IV.            Six Sigma – Analyze (15 Questions)

                              A.            Exploratory data analysis

                                                       1.            Multi-vari studies
Create and interpret multi-vari studies to interpret the difference between positional, cyclical, and temporal variation; apply sampling plans to investigate the largest sources of variation. (Create)

                                                       2.            Simple linear correlation and regression
Interpret the correlation coefficient and determine its statistical significance (p-value); recognize the difference between correlation and causation. Interpret the linear regression equation and determine its statistical significance (p-value). Use regression models for estimation and prediction. (Evaluate)

Exploratory data analysis

Multi-vari analysis – a chart used to analyze variation, and also used to investigate the stability or consistency of a process. It identifies where and where not to investigate, and the principle advantage is that it breaks down variation into components so that improvements can be made. It normally contains all (or most) of the readings taken.

·          Positional – variation within a piece

·          Cyclical – variation from piece to piece

·          Temporal – variation caused by time related changes

Simple linear correlation and regression - a method that enables you to determine the relationship between a continuous process output (Y) and one factor (X). The relationship is typically expressed in terms of a mathematical equation such as (Y = Bo + B1X). Bo=Y intercept when X=0; B1=slope of line.

·          Best fit line – plot the points on a graph and place a line through the majority of points or “best fit.”

·          Least squares – choose as the “best fit” line the line that minimizes the sum of the squares of the deviations of observed values.

·          Multiple linear regression – although not included in the BOK, it is an extension of simple linear regression to more than one independent variable.

Correlation coefficient – quantifies the degree of linear association between two variables.
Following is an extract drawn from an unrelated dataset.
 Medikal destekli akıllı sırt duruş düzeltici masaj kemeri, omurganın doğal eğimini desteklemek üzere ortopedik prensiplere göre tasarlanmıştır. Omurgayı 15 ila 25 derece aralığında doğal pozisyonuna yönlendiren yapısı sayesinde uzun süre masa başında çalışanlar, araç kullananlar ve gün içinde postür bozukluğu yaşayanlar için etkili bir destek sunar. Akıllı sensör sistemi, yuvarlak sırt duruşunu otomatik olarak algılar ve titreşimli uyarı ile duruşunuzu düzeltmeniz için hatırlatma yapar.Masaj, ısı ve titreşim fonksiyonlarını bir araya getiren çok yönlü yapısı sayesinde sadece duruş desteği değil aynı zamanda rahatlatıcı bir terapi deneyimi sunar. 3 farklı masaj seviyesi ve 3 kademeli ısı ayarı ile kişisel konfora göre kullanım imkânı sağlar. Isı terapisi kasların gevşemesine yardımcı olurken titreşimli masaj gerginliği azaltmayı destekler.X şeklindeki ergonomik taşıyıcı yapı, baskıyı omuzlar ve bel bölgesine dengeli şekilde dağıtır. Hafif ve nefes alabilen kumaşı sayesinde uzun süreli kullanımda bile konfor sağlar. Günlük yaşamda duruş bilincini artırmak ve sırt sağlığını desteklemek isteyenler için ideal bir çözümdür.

It is typically denoted by r and will have a value ranging between negative 1 and positive 1. A positive value implies that the line slopes upward to the right and a negative value indicates that it slopes downward to the right. When r=0, all points are scattered and give no evidence of a linear correlation; when r=1 or r=-1, all points fall on a straight line; and any other value suggests the degree of linear relation.
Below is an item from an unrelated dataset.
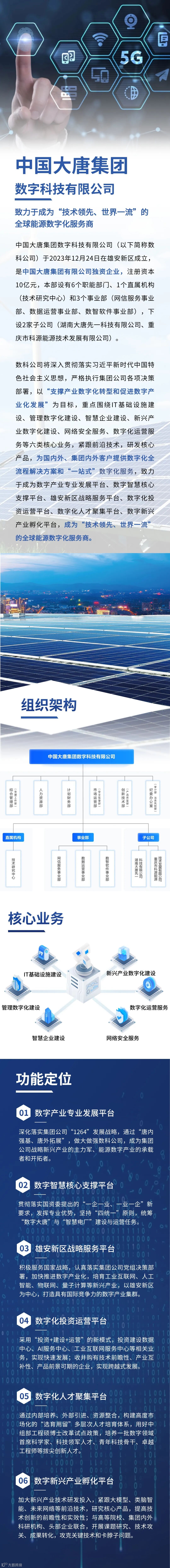中国大唐数科公司致力于成为集团公司数字产业专业发展平台、数字智慧核心支撑平台、雄安新区战略服务平台、数字化投资运营平台、数字化人才聚集平台、数字新兴产业孵化平台,成为“技术领先、世界一流”的全球能源数字化服务商。

·          Coefficient of determination – the square of the linear correlation coefficient. Determines the amount of variability explained by the regression model.

p-Value - The probability value (p-value) of a statistical hypothesis test is the probability of getting a value of the test statistic as extreme as or more extreme than that observed by chance alone, if the null hypothesis Ho, is true. It is the probability of wrongly rejecting the null hypothesis if it is in fact true. It is equal to the significance level of the test for which we would only just reject the null hypothesis. The p-value is compared with the desired significance level of our test and, if it is smaller, the result is significant. That is, if the null hypothesis were to be rejected at the 5% significance level, this would be reported as "p < 0.05". Small p-values suggest that the null hypothesis is unlikely to be true. The smaller it is, the more convincing the evidence is that null hypothesis is false. It indicates the strength of evidence for say, rejecting the null hypothesis Ho, rather than simply concluding "Reject Ho" or "Do not reject Ho".